Abstract
In this study, a symmetrical mixed-grade composition glulam was fabricated using 37~39-
yr-old Japanese cedar plantation timber. A full-size portal frame was then constructed with
two 140×304.8×2200-mm posts and a 140×304.8×3000-mm beam to investigate the resisting
performance of the frame system to lateral forces. Each joint between the glulam beam and
post members was assembled with a design L- or I-type metal connector with 2 placement
types using 8 pin fasteners. The glulam portal frame was subjected to a rack test with 7 stages
of a lateral cyclic loading protocol and a monotonic loading application. Results indicated that a 12.7% increase in the maximum lateral load capacity was found for the glulam portal frame
using a straight metal connector with pin fasteners arranged in a square compared to fasteners arranged in a circle. Also, the portal frames assembled with fasteners in the square placement
for both the L- and I-type connectors showed 20.6~36.4% higher initial stiffness and dissipated energy values than those in the circular arrangement.

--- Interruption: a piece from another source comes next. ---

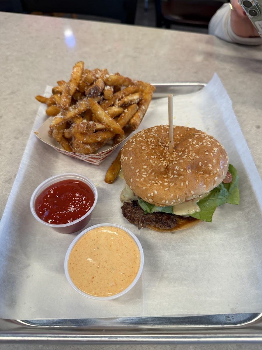 The menu goes beyond burgers without losing focus. The crispy chicken sandwich is brined overnight, which keeps it juicy, and the loaded fries come buried under melted cheese, bacon bits, and a drizzle of house sauce that reminds me of classic diner thousand island. I once brought a friend who doesn’t even eat red meat, and she left raving about the spicy chicken wrap and onion rings. Real reviews from locals echo that vibe; most mention generous portions, friendly service, and that comforting, old-school diner feeling that’s getting harder to find.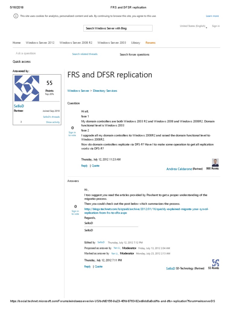 Server 2008 "DFSR is used to replicate the contents of the sysvol folder." I raised my two servers to

The reference shear strengths of the
Japanese cedar glulam portal frames were 9.6~13.7 kN, which were derived from critical
P1/120 values among all connector and fastener placement conditions. These reference
shear strengths of glulam portal frames were 19.8%, on average, of the maximum lateral load capacity. Resultant multiplier parameters of the shear wall were 2.33~3.35, and better structural performance was found for portal frames assembled with the L-type connector and pins
arranged in a square.